Young B C, Votintseva A A, Foster D, Godwin H, Miller R R, Anson L W, Walker A S, Peto T E A, Crook D W, Knox K
Nuffield Department of Medicine, University of Oxford, Oxford, UK.
Nuffield Department of Medicine, University of Oxford, Oxford, UK.
J Hosp Infect. 2017 Jul;96(3):232-237. doi: 10.1016/j.jhin.2017.01.015. Epub 2017 Jan 30.
Carriage of Staphylococcus aureus is a risk for infections. Targeted decolonization reduces postoperative infections but depends on accurate screening.
To compare detection of S. aureus carriage in healthy individuals between anatomical sites and nurse- versus self-swabbing; also to determine whether a single nasal swab predicted carriage over four weeks.
Healthy individuals were recruited via general practices. After consent, nurses performed multi-site swabbing (nose, throat, and axilla). Participants performed nasal swabbing twice-weekly for four weeks. Swabs were returned by mail and cultured for S. aureus. All S. aureus isolates underwent spa typing. Persistent carriage in individuals returning more than three self-swabs was defined as culture of S. aureus from all or all but one self-swabs.
In all, 102 individuals underwent multi-site swabbing; S. aureus carriage was detected from at least one site from 40 individuals (39%). There was no difference between nose (29/102, 28%) and throat (28/102, 27%) isolation rates: the combination increased total detection rate by 10%. Ninety-nine patients returned any self-swab, and 96 returned more than three. Nasal carriage detection was not significantly different on nurse or self-swab [28/99 (74%) vs 26/99 (72%); χ: P=0.75]. Twenty-two out of 25 participants with first self-swab positive were persistent carriers and 69/71 with first self-swab negative were not, giving high positive predictive value (88%), and very high negative predictive value (97%).
Nasal swabs detected the majority of carriage; throat swabs increased detection by 10%. Self-taken nasal swabs were equivalent to nurse-taken swabs and predicted persistent nasal carriage over four weeks.
金黄色葡萄球菌携带是感染的一个风险因素。针对性的去定植可减少术后感染,但依赖于准确的筛查。

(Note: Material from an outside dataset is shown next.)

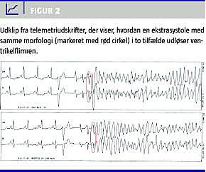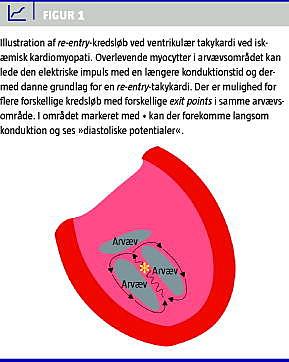 VT og VF forekommer oftest ved strukturel hjertesygdom. Typiske eksempler er iskæmisk og noniskæmisk dilateret kardiomyopati samt hypertrofisk og arytmogen højre ventrikel-kardiomyopati og efter tidligere hjerteoperationer [11]. Især ved iskæmisk kardiomyopati er mekanismen ved VT ofte re-entry -kredsløb i grænsezonen mellem arvæv og raskt myocardium og betinget af, at et arvævsområde kan have flere mulige kredsløb med forskellig konduktionsevne og refraktære perioder. Dette danner grundlag for en re-entry -takykardi evt. med adskillige exit points (Figur 1 ), som kan medføre flere forskellige VT-morfologier, der udgår fra samme område [12, 13]. VF kan udløses af præmature ventrikulære komplekser (ofte udgående fra purkinjefibre), bradykardi, VT og akut iskæmi [13, 14]. Akut iskæmi kan ligeledes udløse polymorf VT og sjældnere monomorf VT [11]. I Figur 2 vises et eksempel på VF udløst af et præmaturt ventrikulært kompleks.
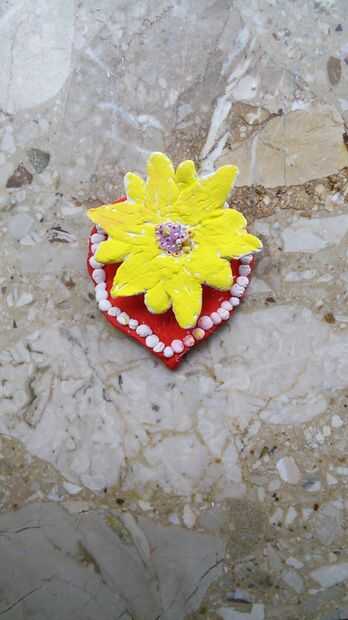 todo lo que necesitas para hacerlo es un pétalo de rosa, algunos arcilla blanca, pinturas variadas, un palillo de dientes y algunos granos de caviar. Paso 1; Su pétalo de rosa y alguna arcilla y forma su arcilla de pétalo de rosa. Paso 2; Después de haber terminado que, hace cinco pétalos grandes y tres pequeños, el patrón es cada segundo tan un pétalo grande y uno pequeño. Una vez que ha hecho llegar su pétalo de rosa en forma de arcilla y hacer pequeñas bolas blancas de arcilla y los puso alrededor de él. Paso 3; Haz tus pinturas y pintar el lirio amarillo y el pétalo de rosa roja, entonces llego su palillo rápido por la mitad y pégalos en el centro del lirio y debe pasar por el pétalo así para asegurarlo. Paso 5; obtener las perlas de caviar y esparcir en el medio como se muestra en la imagen. Esperamos que disfrute haciendo esto!

比较健康个体不同解剖部位以及护士采样与自我采样检测金黄色葡萄球菌携带情况的差异;同时确定单次鼻拭子检测能否预测四周内的携带情况。
通过全科医疗招募健康个体。获得同意后,护士进行多部位采样(鼻子、喉咙和腋窝)。参与者每周进行两次鼻拭子采样,持续四周。拭子通过邮寄返回并培养金黄色葡萄球菌。所有金黄色葡萄球菌分离株进行spa分型。返回超过三次自我采样的个体中,持续性携带定义为所有或除一个外的所有自我采样均培养出金黄色葡萄球菌。
总共102名个体接受了多部位采样;40名个体(39%)至少有一个部位检测到金黄色葡萄球菌携带。鼻子(29/102,28%)和喉咙(28/102,27%)的分离率无差异:两者联合可使总检测率提高10%。99名患者返回了任何自我采样,96名返回超过三次。护士采样与自我采样的鼻携带检测无显著差异[28/99(74%)对26/99(72%);χ:P = 0.75]。首次自我采样阳性的25名参与者中有22名是持续性携带者,首次自我采样阴性的71名中有69名不是,阳性预测值高(88%)且阴性预测值非常高(97%)。
鼻拭子检测出了大部分携带情况;咽拭子使检测率提高了10%。自我采集的鼻拭子与护士采集的拭子等效,且能预测四周内的持续性鼻携带情况。